▶ [What this task involves]: Should the listing contain images, exclude them; give the rest again exactly.

▶ [Recorded information]:
___

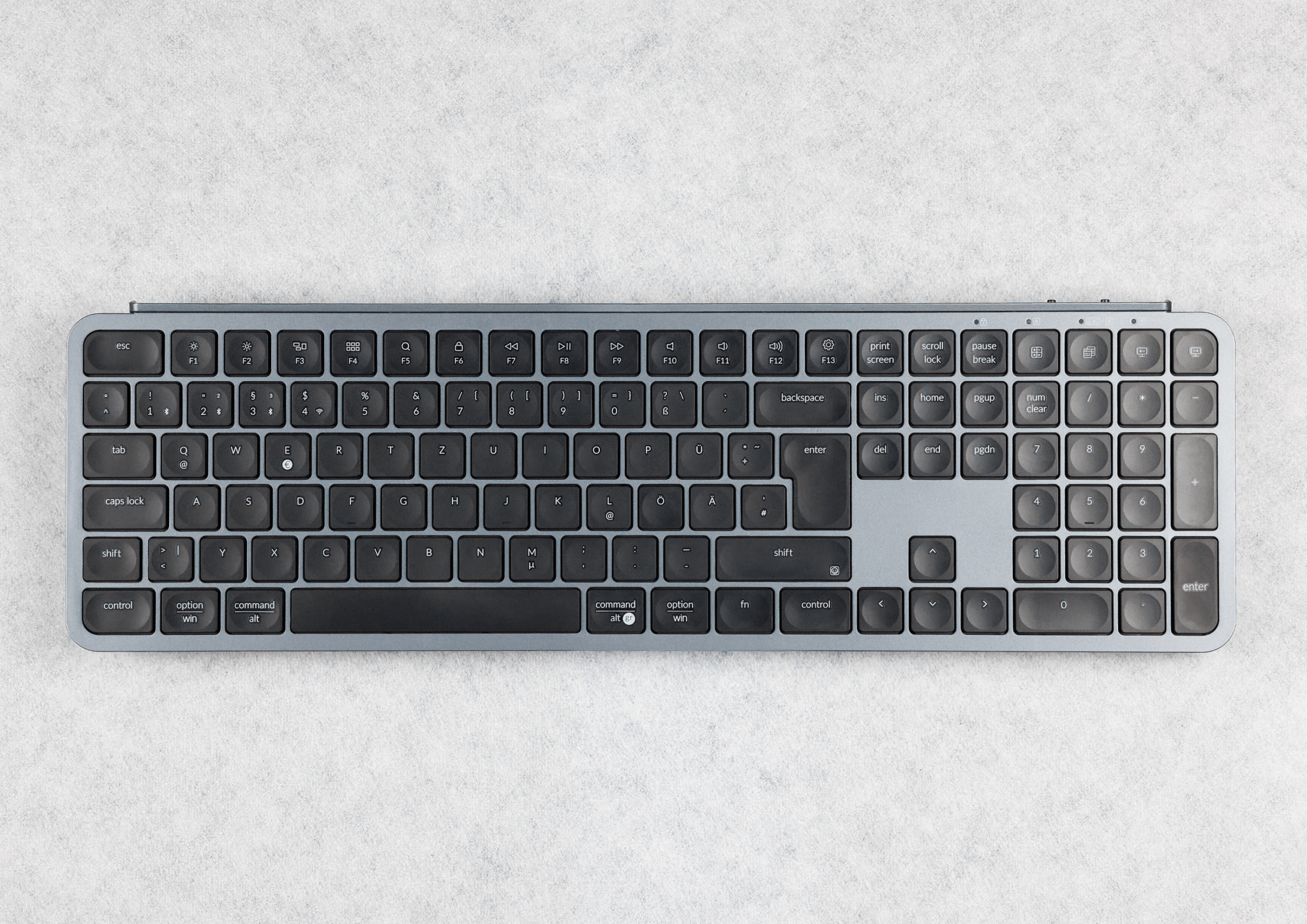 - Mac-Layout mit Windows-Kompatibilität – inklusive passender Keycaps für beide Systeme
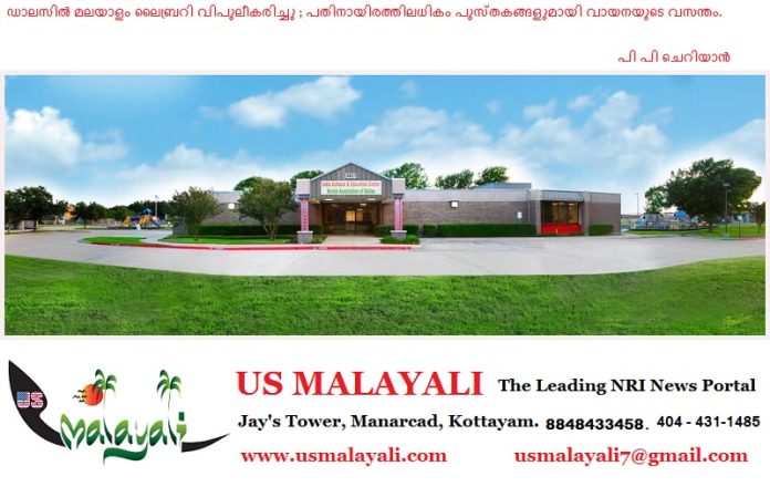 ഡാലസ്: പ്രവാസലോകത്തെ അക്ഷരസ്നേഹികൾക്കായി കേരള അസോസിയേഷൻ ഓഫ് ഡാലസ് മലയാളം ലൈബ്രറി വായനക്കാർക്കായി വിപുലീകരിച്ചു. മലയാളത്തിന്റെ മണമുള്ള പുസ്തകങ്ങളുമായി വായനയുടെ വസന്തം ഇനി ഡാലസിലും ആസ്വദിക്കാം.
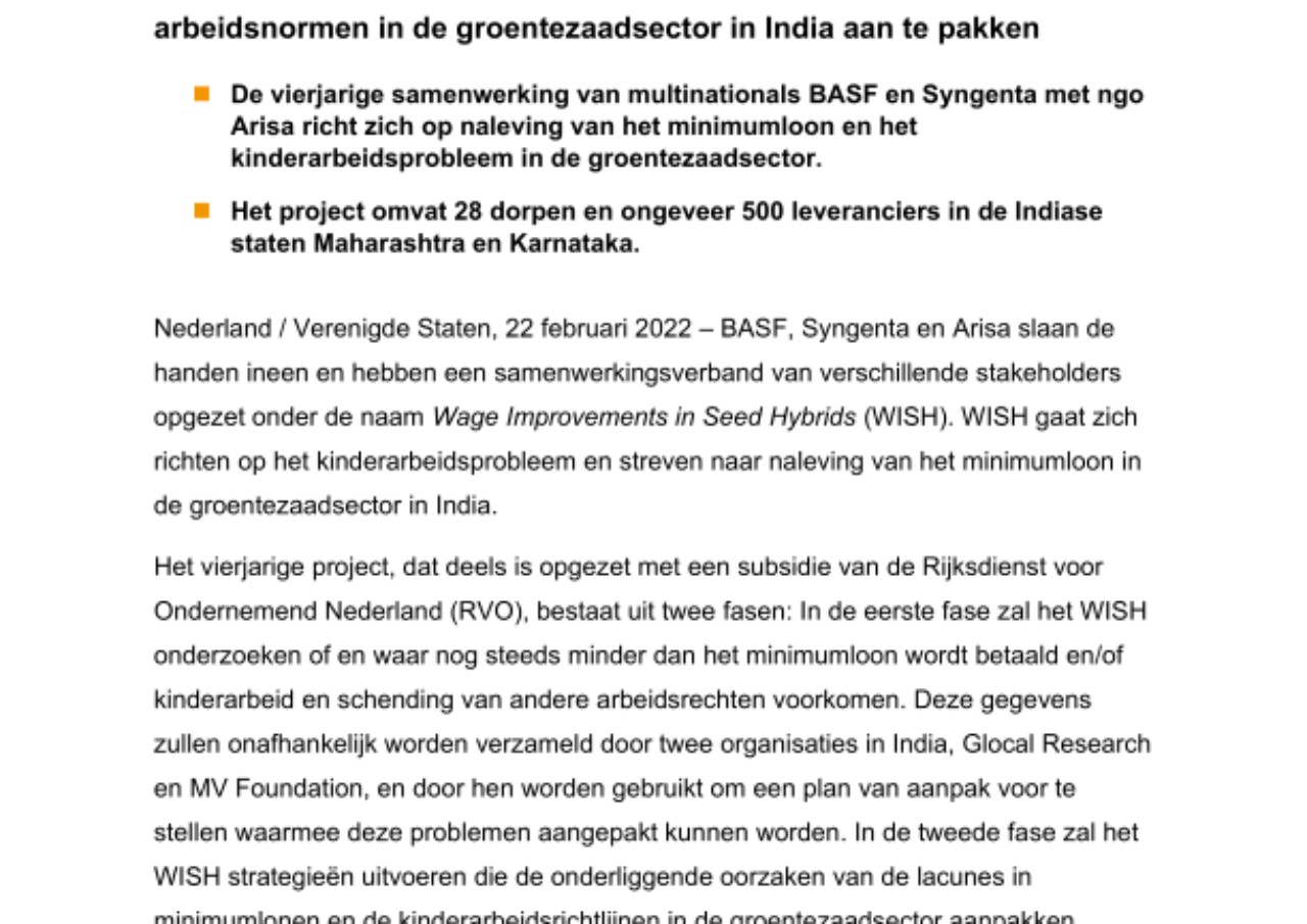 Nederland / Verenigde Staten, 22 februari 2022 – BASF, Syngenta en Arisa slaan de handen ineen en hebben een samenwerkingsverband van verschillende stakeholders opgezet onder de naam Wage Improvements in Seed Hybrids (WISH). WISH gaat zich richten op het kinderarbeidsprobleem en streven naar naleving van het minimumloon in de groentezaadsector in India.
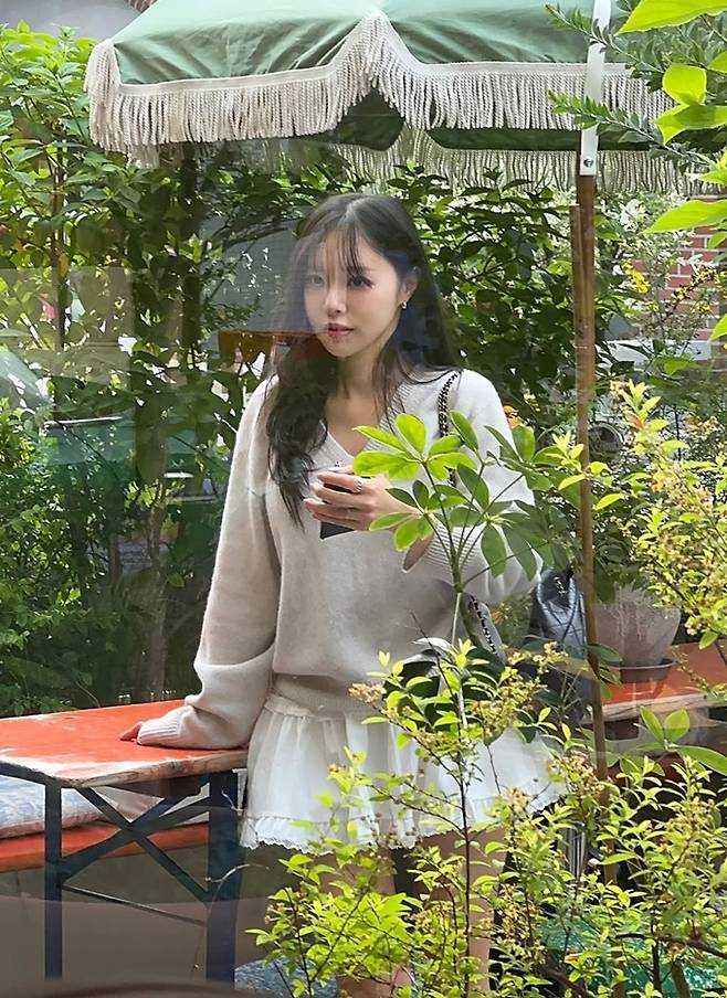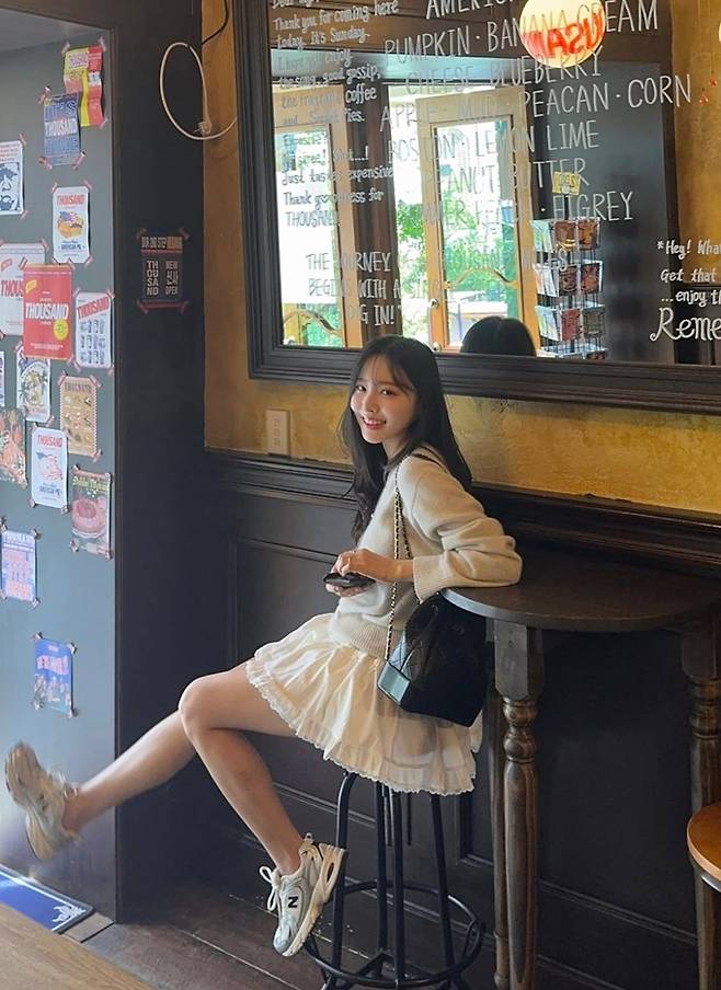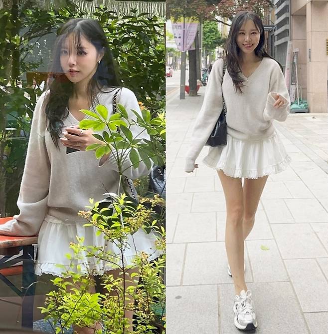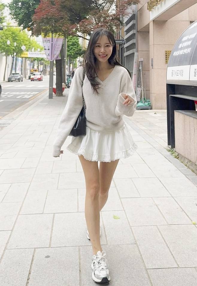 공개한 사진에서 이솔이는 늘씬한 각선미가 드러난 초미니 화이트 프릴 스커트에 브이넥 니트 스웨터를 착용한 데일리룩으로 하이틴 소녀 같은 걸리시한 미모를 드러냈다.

___

▶ [Solution]:
 - Mac-Layout mit Windows-Kompatibilität – inklusive passender Keycaps für beide Systeme
 ഡാലസ്: പ്രവാസലോകത്തെ അക്ഷരസ്നേഹികൾക്കായി കേരള അസോസിയേഷൻ ഓഫ് ഡാലസ് മലയാളം ലൈബ്രറി വായനക്കാർക്കായി വിപുലീകരിച്ചു. മലയാളത്തിന്റെ മണമുള്ള പുസ്തകങ്ങളുമായി വായനയുടെ വസന്തം ഇനി ഡാലസിലും ആസ്വദിക്കാം.
 Nederland / Verenigde Staten, 22 februari 2022 – BASF, Syngenta en Arisa slaan de handen ineen en hebben een samenwerkingsverband van verschillende stakeholders opgezet onder de naam Wage Improvements in Seed Hybrids (WISH). WISH gaat zich richten op het kinderarbeidsprobleem en streven naar naleving van het minimumloon in de groentezaadsector in India.
 공개한 사진에서 이솔이는 늘씬한 각선미가 드러난 초미니 화이트 프릴 스커트에 브이넥 니트 스웨터를 착용한 데일리룩으로 하이틴 소녀 같은 걸리시한 미모를 드러냈다.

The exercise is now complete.